2. Applicability of Section 194C:
The Tribunal also examined whether the payments to M/s Gangothri Water Supply fell under section 194C, which pertains to payments to contractors for carrying out work. The assessee contended that the payments were for the supply of goods (water) and not for any work contract, referencing CBDT Circular No. 13/2006. The Tribunal agreed, noting that water was purchased from a third party and supplied to clients, thus it was a transaction of sale and not a work contract. Therefore, section 194C was not applicable, and the disallowance under section 40(a)(ia) could not be sustained on this ground as well.

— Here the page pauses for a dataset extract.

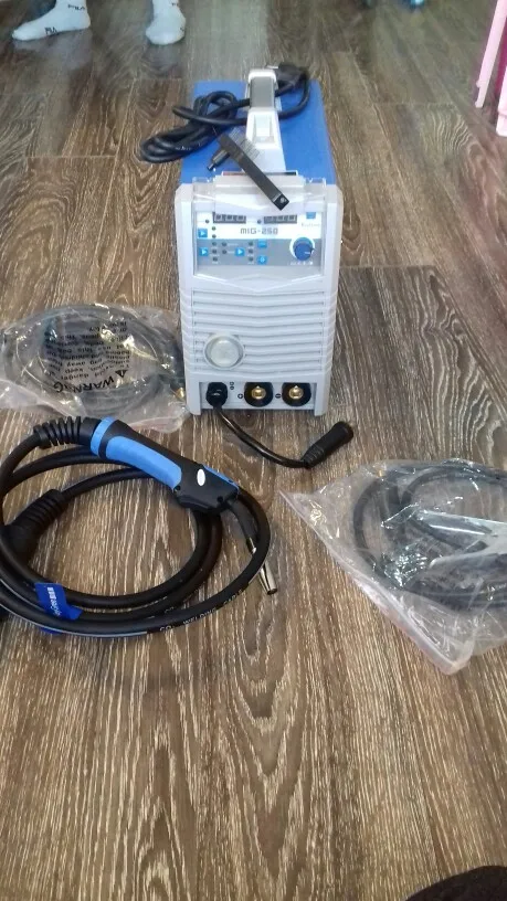 Полуавтомат пришел через 10 дней, быстро. На боковой стороне вмятина. Крышка не открывается. Угол прогнулся. Это какой силы должен был быть удар по корпусу в упаковке, чтобы так прогнуть железо???? На работу не повлияло. Нет кнопки прокрутки проволоки и вместо автомата поставили обычную кнопку выключения. По описании покупала другой аппарат "YESWELDER MIG250A без газа и газа MIG ". Плохо, что нет инструкции на русском языке.

3. Non-Consideration of Current Year Losses and Depreciation Allowance:
The assessee raised an additional ground regarding the non-consideration of current year losses and depreciation allowance for carry forward. The Tribunal admitted this ground, noting that the AO should have considered the return of loss filed by the assessee. Since the disallowance under section 40(a)(ia) was deleted, the Tribunal directed the AO to determine and allow the carry forward of the loss in accordance with the law.

Conclusion:
The Tribunal allowed the appeals for both assessment years, directing the deletion of disallowances under section 40(a)(ia) and the proper consideration of losses for carry forward. The judgment emphasized that the payments for water supply were transactions of sale, not work contracts, and thus not subject to TDS under section 194C.